REPRESENTATIONS AND WARRANTIES

          To induce the Lender to enter into this Agreement and to make the Loan to the Borrower under the provisions hereof, and in consideration thereof, the Borrower represents, warrants and covenants as follows:

          6.1    Organization and Qualification. The Borrower is duly organized and validly existing as a limited liability company under the Laws of the State of Arizona, and is duly registered as a foreign limited liability company in each jurisdiction in which the nature of the business transacted or the property owned is such as to require registration as such.

          6.2    Litigation. There is no action, suit, investigation or proceeding threatened or pending before any Tribunal against or affecting the Borrower or any properties or rights of the Borrower which, if adversely determined, would result in a liability of greater than $5,000 or would otherwise result in any material adverse change in the business or condition, financial or otherwise, of the Borrower. The Borrower is not in default with respect to any judgment, order, writ, injunction, decree, rule or regulation of any Tribunal.

          6.3    Conflicting Agreements and Other Matters. The Borrower is not in default in the performance of any obligation, covenant, or condition in any agreement to which it is a party or by which it is bound. The Borrower is not a party to any contractor agreement or subject to any other partnership restriction which materially and adversely affects its business, property or assets, or financial condition.

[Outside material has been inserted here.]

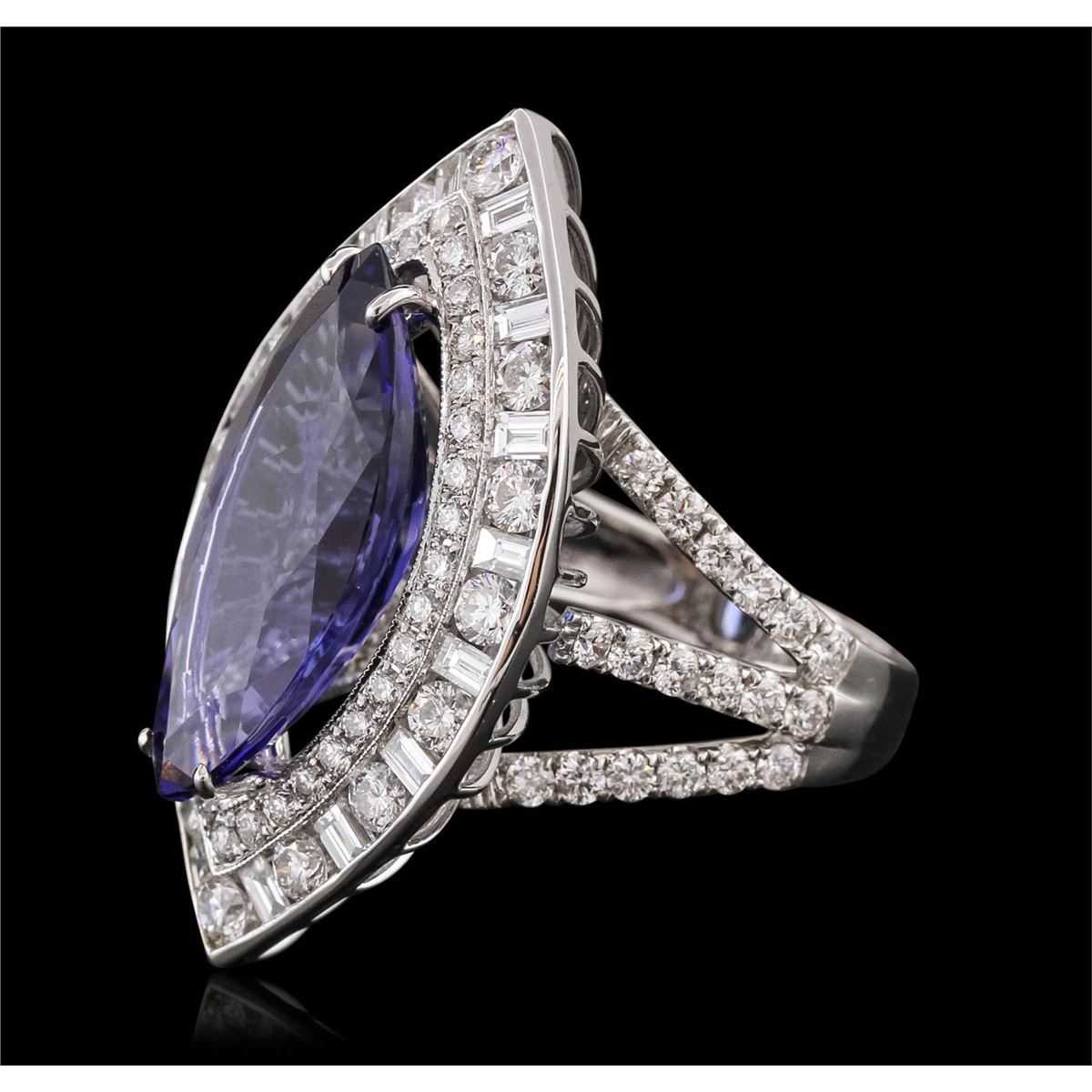 One electronically tested 18KT white gold ladies combination cast & assembled prong set ring with a split shank with a bright polish finish. Identified with markings of "750 18K". Condition is new. Containing: One prong set marquise modified brilliant cut natural tanzanite, measuring 22.29 x 10.31 x 7.12mm, exact weight 10.54ct., clarity is eye clean, type I, medium dark, moderately strong, bluish violet color, (GIA bV 6/4), cut is good. Graded loose prior to setting by GIA Gemological Laboratory, GIA Laboratory Report # 2161452330.Sixteen prong set round brilliant cut diamonds, measuring 2.80 - 2.80 x 1.68mm (depth est.) approximate total weight of 16 Stones = 1.29ct. Clarity: SI-1 to SI-2. Color: H - I, Cut is Very Good. Sixteen prong set baguette cut diamonds, measuring from 2.00 x 1.30 x 1.11mm (depth est.) to 2.50 x 1.50 x 1.28mm (depth est.) approximate total weight of 16 Stones = 0.76ct. Clarity: VS-1. Color: I - J, Cut is Good. Seventy prong set round brilliant cut diamonds, measuring 1.80 - 1.50 x 0.99mm (depth est.) approximate total weight of 70 Stones = 1.45ct. Clarity: SI-1 to SI-2. Color: H - I, Cut is Good. All diamonds and colored gemstones are graded in the mounting, unless otherwise stated, Colored gemstones are presumed to have been subjected to commonly used enhancement processes. Total Weight of Colored Stones 10.54ct. Total Weight of Diamonds 3.49ct. Total Weight of Ring 12.30 grams. GGL Appraised at $38,025.00.

The Borrower is not a party to or otherwise subject to any contract or agreement which restricts or otherwise affects the right or ability of the Borrower to execute the Loan Documents or the performance of any of their respective terms. Neither the execution nor delivery of any of the Loan Documents, nor fulfillment of nor compliance with their respective terms and provisions will conflict with, or result in a breach of the terms, conditions or provisions of, or constitute a default under, or result in any violation of, or result in the creation of any Lien (except those created by the Loan Documents) upon any of the properties or assets of the Borrower pursuant to, or require any consent, approval or other action by or any notice to or filing with any Tribunal (other than routine filings after the Closing Date with the Securities and Exchange Commission, any securities exchange and/or state blue sky authorities) pursuant to, the Certificate or Articles of Organization and the Operating Agreement or Regulations of the Borrower, any award of any arbitrator, or any agreement, instrument or Law to which the Borrower is subject.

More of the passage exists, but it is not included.